§ To do: Repeat the data word for word and skip the pictures.

§ Supplied material:
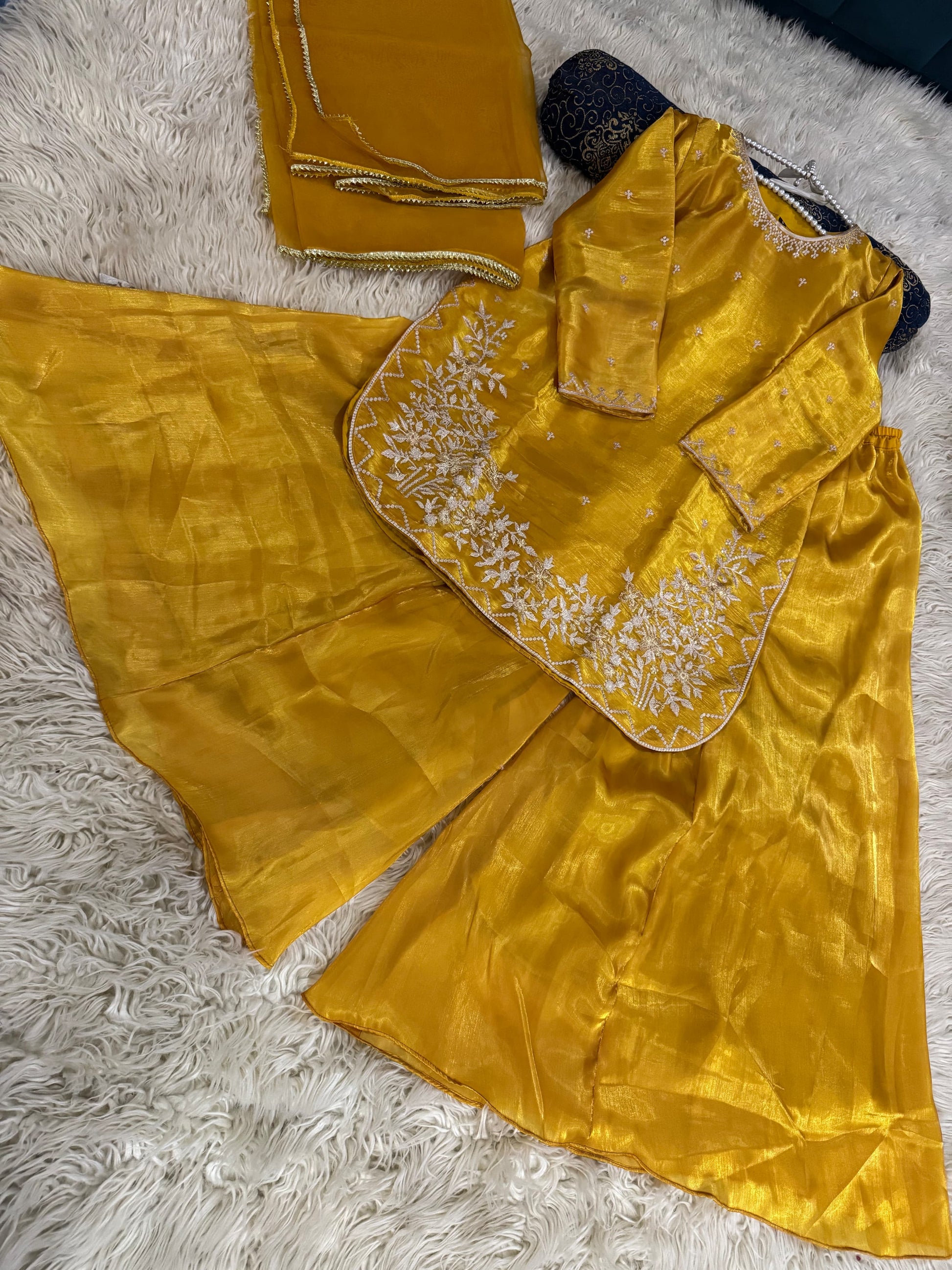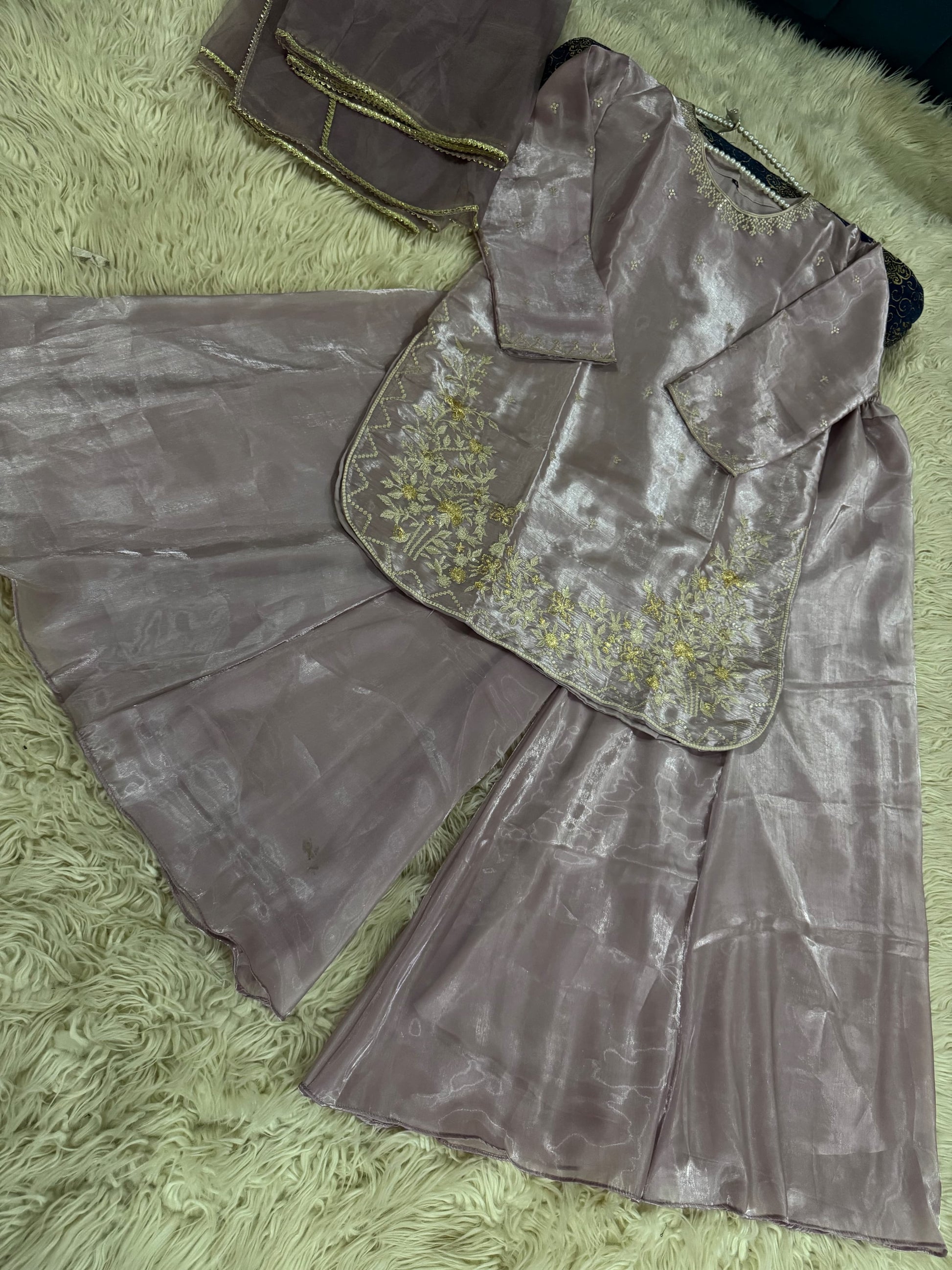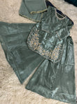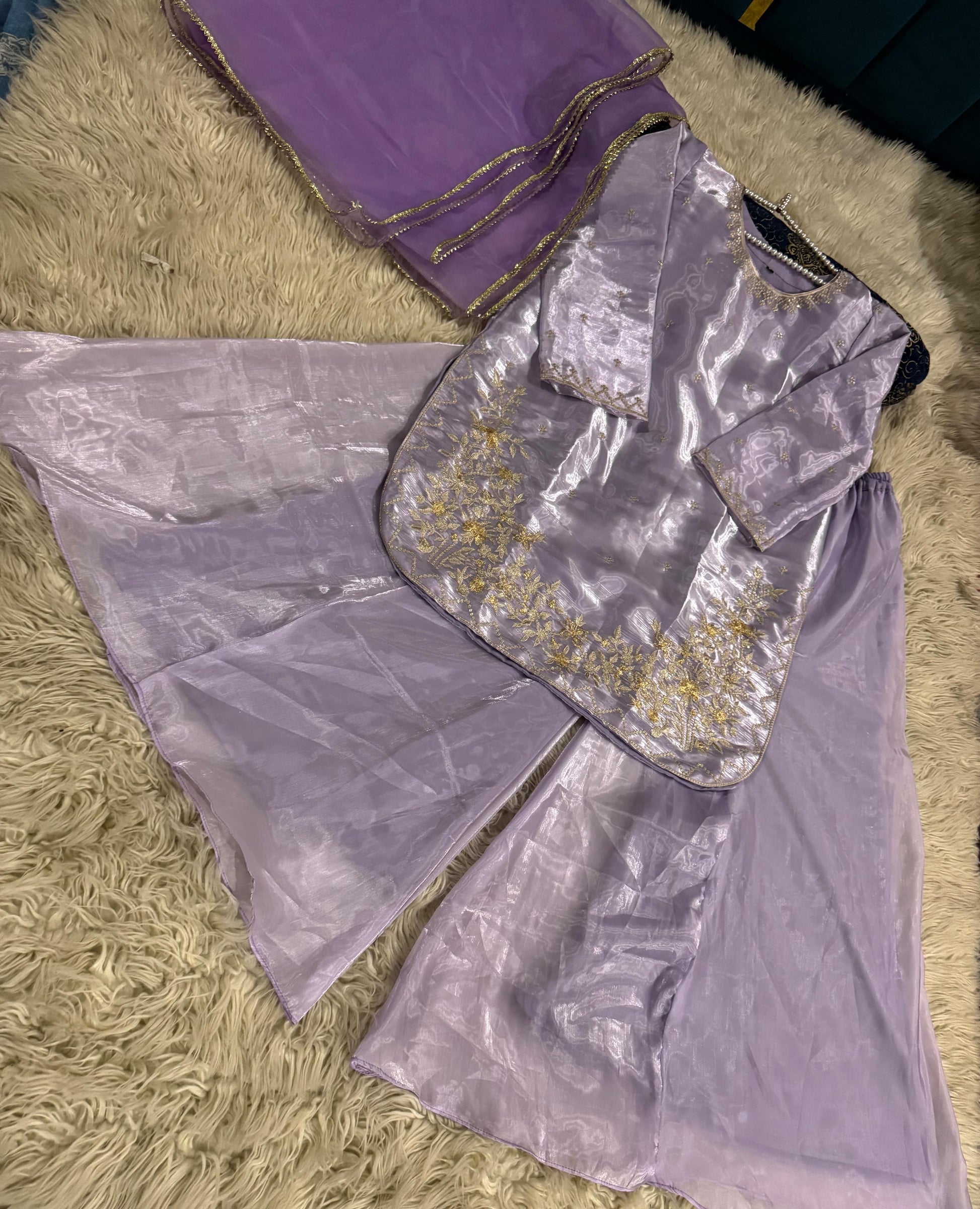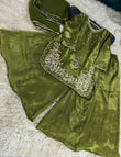 Expertly tailored and stylish, AVERNA is crafted with luxurious Shisha silk fabric, providing comfortable wear. The elegant embossed long shirt and detailing add a touch of sophistication. Paired with a Kattan silk Ghrara, this outfit exudes class and timeless appeal.
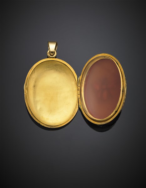 *Pendente portafoto in oro giallo, corniola e insetto in diamanti a mezza roset
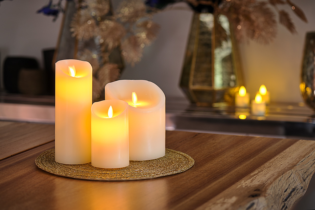 LED-Wachskerzen-Set – 3 Kerzen warmweiß – aufladbar – DORSETTO

§ Output of the exercise:
 Expertly tailored and stylish, AVERNA is crafted with luxurious Shisha silk fabric, providing comfortable wear. The elegant embossed long shirt and detailing add a touch of sophistication. Paired with a Kattan silk Ghrara, this outfit exudes class and timeless appeal.
 *Pendente portafoto in oro giallo, corniola e insetto in diamanti a mezza roset
 LED-Wachskerzen-Set – 3 Kerzen warmweiß – aufladbar – DORSETTO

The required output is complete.